** RECORDED INFORMATION follows **

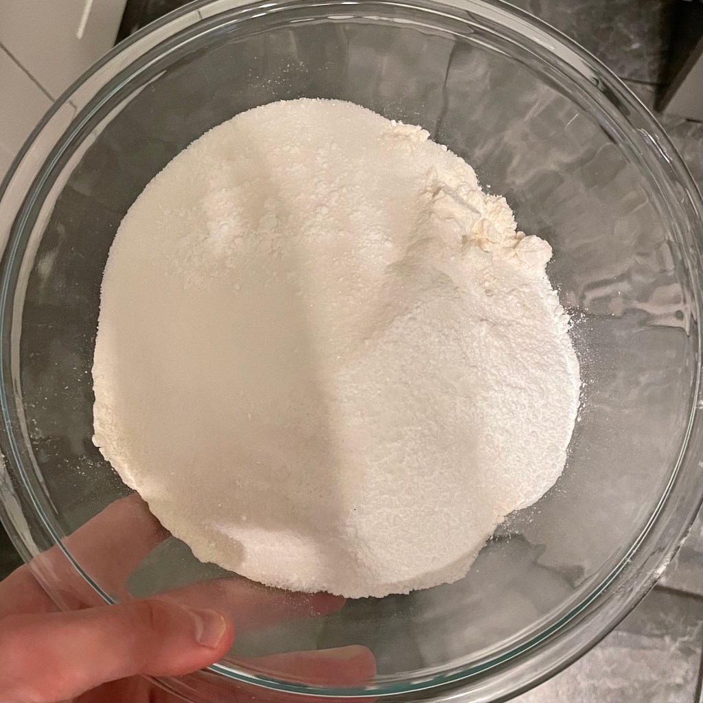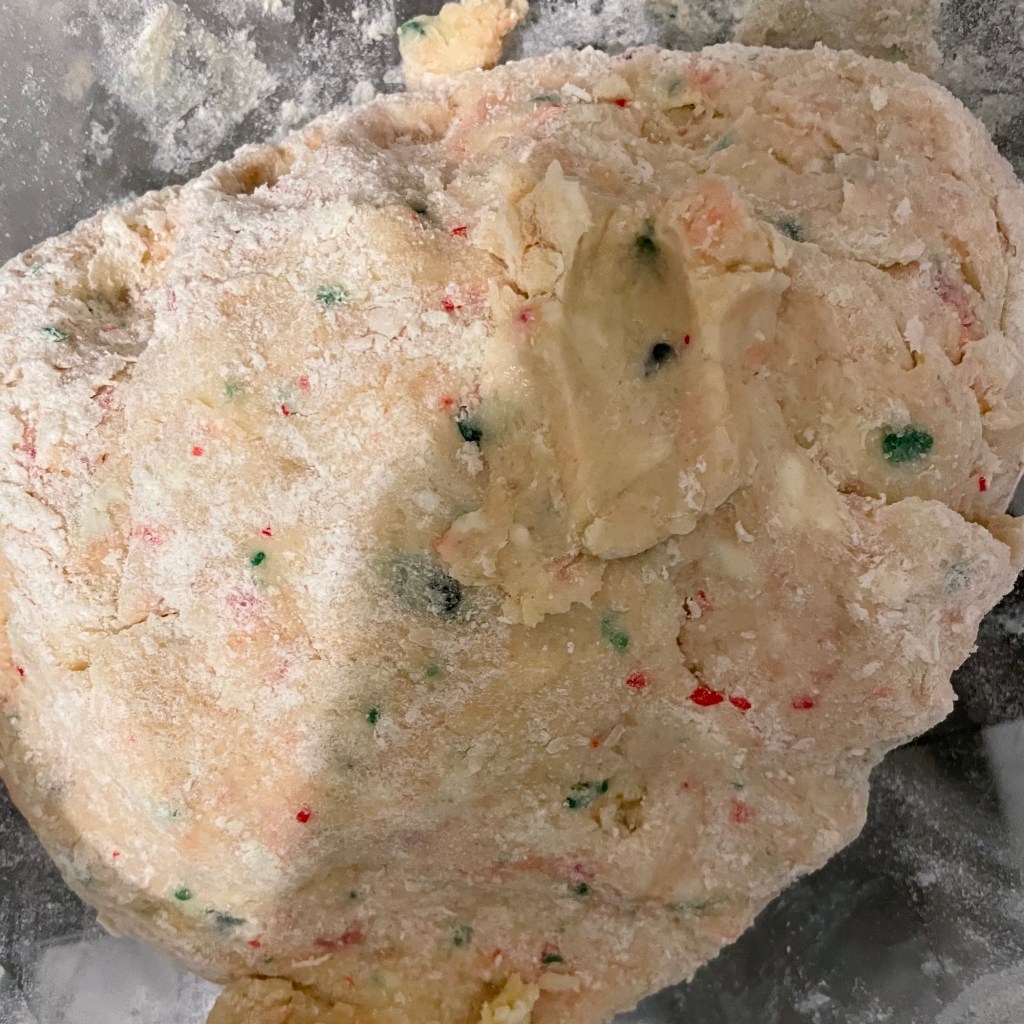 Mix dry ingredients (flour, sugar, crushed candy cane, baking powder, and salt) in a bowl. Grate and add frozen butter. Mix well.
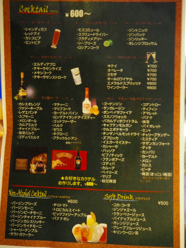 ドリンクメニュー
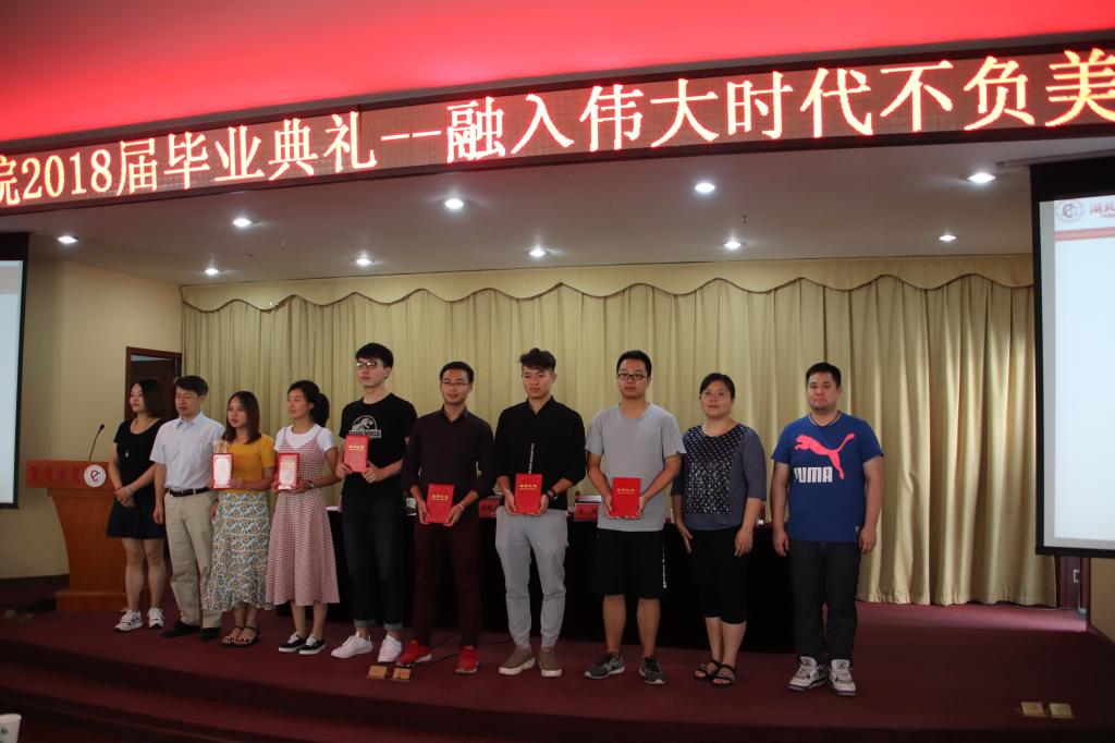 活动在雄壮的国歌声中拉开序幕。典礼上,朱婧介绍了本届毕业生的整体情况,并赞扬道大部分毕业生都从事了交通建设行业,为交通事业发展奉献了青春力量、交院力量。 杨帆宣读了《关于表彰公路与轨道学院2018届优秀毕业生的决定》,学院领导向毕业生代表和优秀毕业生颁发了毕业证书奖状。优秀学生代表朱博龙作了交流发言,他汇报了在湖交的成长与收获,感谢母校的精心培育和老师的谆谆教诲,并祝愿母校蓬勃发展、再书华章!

** End of RECORDED INFORMATION **
** RECORDED INFORMATION follows **

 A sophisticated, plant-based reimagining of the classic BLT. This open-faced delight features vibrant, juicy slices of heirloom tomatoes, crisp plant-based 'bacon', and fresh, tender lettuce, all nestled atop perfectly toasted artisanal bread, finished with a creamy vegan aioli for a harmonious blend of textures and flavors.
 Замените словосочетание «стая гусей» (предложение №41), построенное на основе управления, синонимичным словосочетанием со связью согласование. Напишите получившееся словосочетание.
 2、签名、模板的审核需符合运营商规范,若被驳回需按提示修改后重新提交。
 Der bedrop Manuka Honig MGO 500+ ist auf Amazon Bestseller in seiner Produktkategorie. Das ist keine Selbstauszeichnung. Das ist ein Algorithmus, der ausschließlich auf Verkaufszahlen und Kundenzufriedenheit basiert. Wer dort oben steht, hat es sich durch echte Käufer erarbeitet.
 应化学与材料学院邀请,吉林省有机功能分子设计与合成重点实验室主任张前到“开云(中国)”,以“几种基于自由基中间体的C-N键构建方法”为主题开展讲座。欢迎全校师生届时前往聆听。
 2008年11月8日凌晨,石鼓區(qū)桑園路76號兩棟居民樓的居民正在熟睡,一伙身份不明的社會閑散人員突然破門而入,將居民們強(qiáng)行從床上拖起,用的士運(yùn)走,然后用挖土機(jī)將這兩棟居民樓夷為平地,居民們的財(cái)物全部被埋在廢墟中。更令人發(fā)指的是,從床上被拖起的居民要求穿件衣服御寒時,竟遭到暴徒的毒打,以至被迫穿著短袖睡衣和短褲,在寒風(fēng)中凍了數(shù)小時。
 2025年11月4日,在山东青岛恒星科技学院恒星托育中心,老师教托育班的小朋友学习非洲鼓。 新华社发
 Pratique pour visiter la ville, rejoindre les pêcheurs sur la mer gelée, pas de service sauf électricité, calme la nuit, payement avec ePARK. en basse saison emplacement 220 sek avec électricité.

** End of RECORDED INFORMATION **

§ TRY IT
Of the entries above, transcribe exactly those lines that fall between the line containing "A sophisticated, plant-based" and the line containing "Pratique pour visiter", together with those two lines.

§ ANSWER SECTION
 A sophisticated, plant-based reimagining of the classic BLT. This open-faced delight features vibrant, juicy slices of heirloom tomatoes, crisp plant-based 'bacon', and fresh, tender lettuce, all nestled atop perfectly toasted artisanal bread, finished with a creamy vegan aioli for a harmonious blend of textures and flavors.
 Замените словосочетание «стая гусей» (предложение №41), построенное на основе управления, синонимичным словосочетанием со связью согласование. Напишите получившееся словосочетание.
 2、签名、模板的审核需符合运营商规范,若被驳回需按提示修改后重新提交。
 Der bedrop Manuka Honig MGO 500+ ist auf Amazon Bestseller in seiner Produktkategorie. Das ist keine Selbstauszeichnung. Das ist ein Algorithmus, der ausschließlich auf Verkaufszahlen und Kundenzufriedenheit basiert. Wer dort oben steht, hat es sich durch echte Käufer erarbeitet.
 应化学与材料学院邀请,吉林省有机功能分子设计与合成重点实验室主任张前到“开云(中国)”,以“几种基于自由基中间体的C-N键构建方法”为主题开展讲座。欢迎全校师生届时前往聆听。
 2008年11月8日凌晨,石鼓區(qū)桑園路76號兩棟居民樓的居民正在熟睡,一伙身份不明的社會閑散人員突然破門而入,將居民們強(qiáng)行從床上拖起,用的士運(yùn)走,然后用挖土機(jī)將這兩棟居民樓夷為平地,居民們的財(cái)物全部被埋在廢墟中。更令人發(fā)指的是,從床上被拖起的居民要求穿件衣服御寒時,竟遭到暴徒的毒打,以至被迫穿著短袖睡衣和短褲,在寒風(fēng)中凍了數(shù)小時。
 2025年11月4日,在山东青岛恒星科技学院恒星托育中心,老师教托育班的小朋友学习非洲鼓。 新华社发
 Pratique pour visiter la ville, rejoindre les pêcheurs sur la mer gelée, pas de service sauf électricité, calme la nuit, payement avec ePARK. en basse saison emplacement 220 sek avec électricité.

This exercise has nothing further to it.